Washington Post political reporter Felicia Sonmez has filed a lawsuit against the newspaper, alleging discrimination after she came forward with a personal story of sexual assault.
The story: Sonmez filed the lawsuit on Wednesday in the Superior Court of the District of Columbia.
The defendants in the complaint include the Post, managing editors Cameron Barr and Tracy Grant, former Executive Editor Marty Baron, national editor Steven Ginsberg, and other newsroom leaders.
The lawsuit claims that the alleged discriminatory conduct against Sonmez caused her humiliation and emotional distress and violated the D.C. Human Rights Act.

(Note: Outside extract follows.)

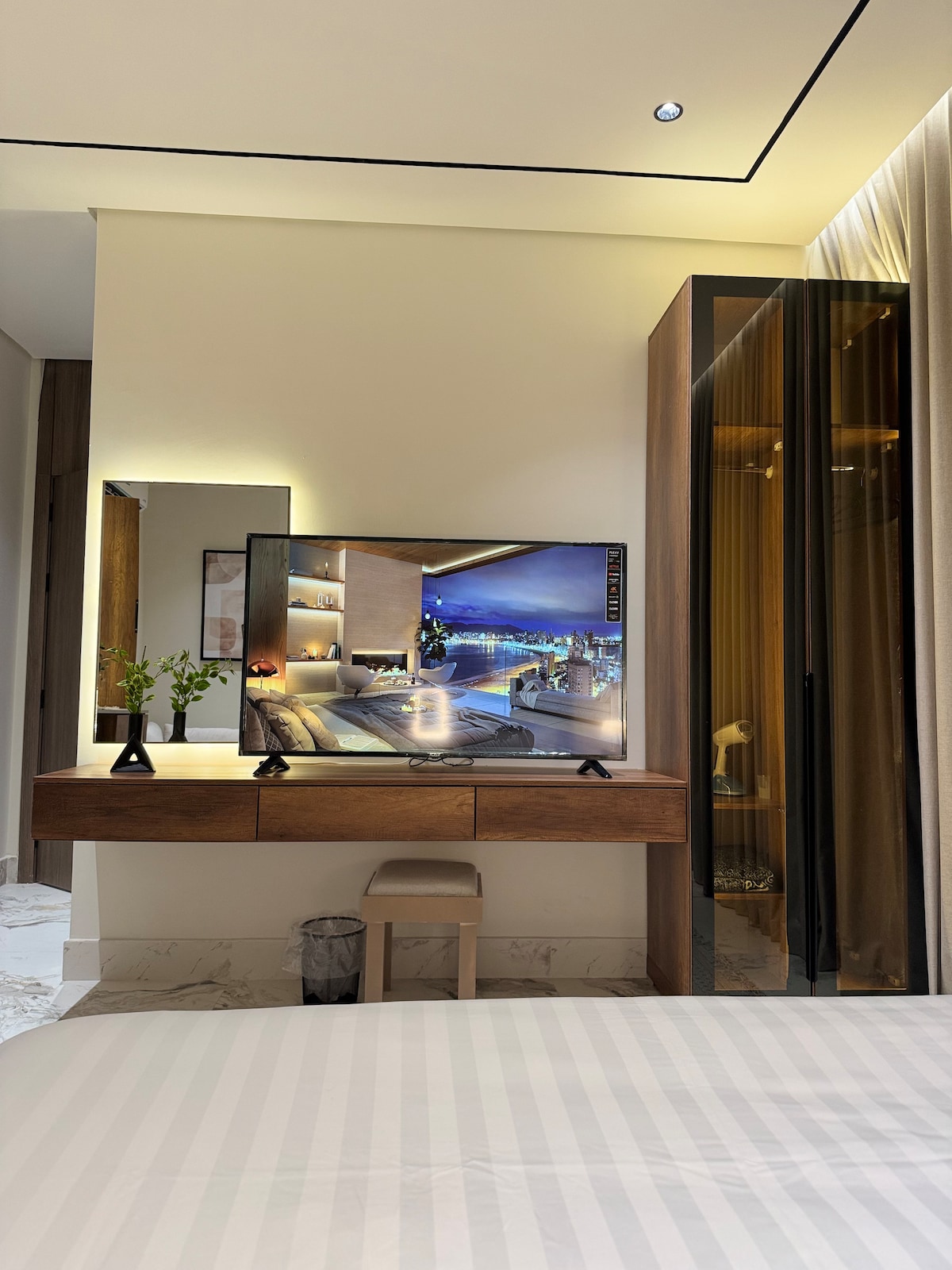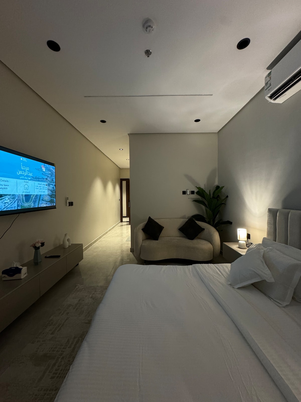 Te damos la bienvenida a nuestro elegante apartamento tipo estudio en Khobar. Este moderno espacio es perfecto para viajeros solitarios o parejas que buscan comodidad y entretenimiento. El estudio cuenta con una cómoda cama y un sofá, un rincón de café bien equipado, un gabinete. Disfruta de tus programas favoritos en el televisor inteligente de 60 pulgadas, con acceso gratuito a Netflix. Ya sea que te estés poniendo al día con tu serie favorita o disfrutando de una noche de cine, el entretenimiento está al alcance de tu mano ¡Se ha instalado Internet de fibra de alta velocidad!

Sonmez also said she suffered physical pain from grinding her teeth and had to undergo two surgeries to relieve her jaw pain.
“At various times, Ms. Sonmez became severely depressed, developed intense anxiety and received treatment from therapists and psychiatrists who she continues to see today,” the lawsuit states.
The suit is asking for damages and a ruling that would force the Post to take steps to prevent similar situations in the future.
CNN first reported on the lawsuit.
In detail: The lawsuit claims that the Post did not allow Sonmez to report on sexual misconduct after she accused a Los Angeles Times journalist in 2018 of sexually assaulting her while they were in China. The LA Times journalist said it was consensual.
Sonmez said the publication prohibited her from writing about Christine Blasey Ford’s sexual assault allegations against Supreme Court Justice Brett Kavanaugh, who was then a nominee for the position. According to her, Barr said she could not report on it because she had “‘taken a side on the issue'” when she spoke about her experience publicly.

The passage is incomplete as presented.